[Haskell-cafe] Re: Writing binary files?

Wed Sep 15 12:57:17 EDT 2004

Gabriel Ebner wrote:

> >> 3. The default encoding is settable from Haskell, defaults to
> >>    ISO-8859-1.
> >
> > Agreed.
> 
> So every haskell program that did more than just passing raw bytes
> From stdin to stdout should decode the appropriate environment
> variables, and set the encoding by itself?

This statement is too restrictive. Passing bytes isn't limited to
stdin->stdout, and there's no reason why setting the encoding needs to
be any more involved than e.g. "setLocaleEncoding". If you change it
to:

> So every haskell program that did more than just passing raw bytes
> ... should ... set the encoding by itself?

then the answer is yes.

>  IMO that's too much of
> redundancy, the RTS should actually do that.

The RTS doesn't know the encoding. Assuming that the data will use the
locale's encoding will be wrong too often.
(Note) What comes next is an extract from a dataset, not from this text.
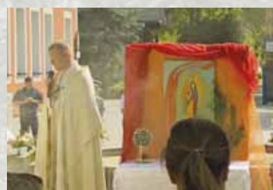
Prozession zu Fronleichnam

> > There are limits to the extent to which this can be achieved. E.g.
> > what happens if you set the encoding to UTF-8, then call
> > getDirectoryContents for a directory which contains filenames which
> > aren't valid UTF-8 strings?
> 
> Then you _seriously_ messed up.  Your terminal would produce garbage,
> Nautilus would break, ...

Like so many other people, you're making an argument based upon
fiction (specifically, that you have a closed world where everything
always uses the same encoding) then deeming anyone who is unable to
maintain the fiction to be "wrong".

> >> 5. The default encoding is settable from Haskell, defaults to the
> >>    locale encoding.
> >
> > I feel that the default encoding should be one whose decoder cannot
> > fail, e.g. ISO-8859-1. You should have to explicitly request the use
> > of the locale's encoding (analogous to calling setlocale(LC_CTYPE, "")
> > at the start of a C program; there's a good reason why C doesn't do
> > this without being explicitly told to).
> 
> So that any haskell program that doesn't call setlocale and outputs
> anything else than US-ASCII will produce garbage on an UTF-8 system?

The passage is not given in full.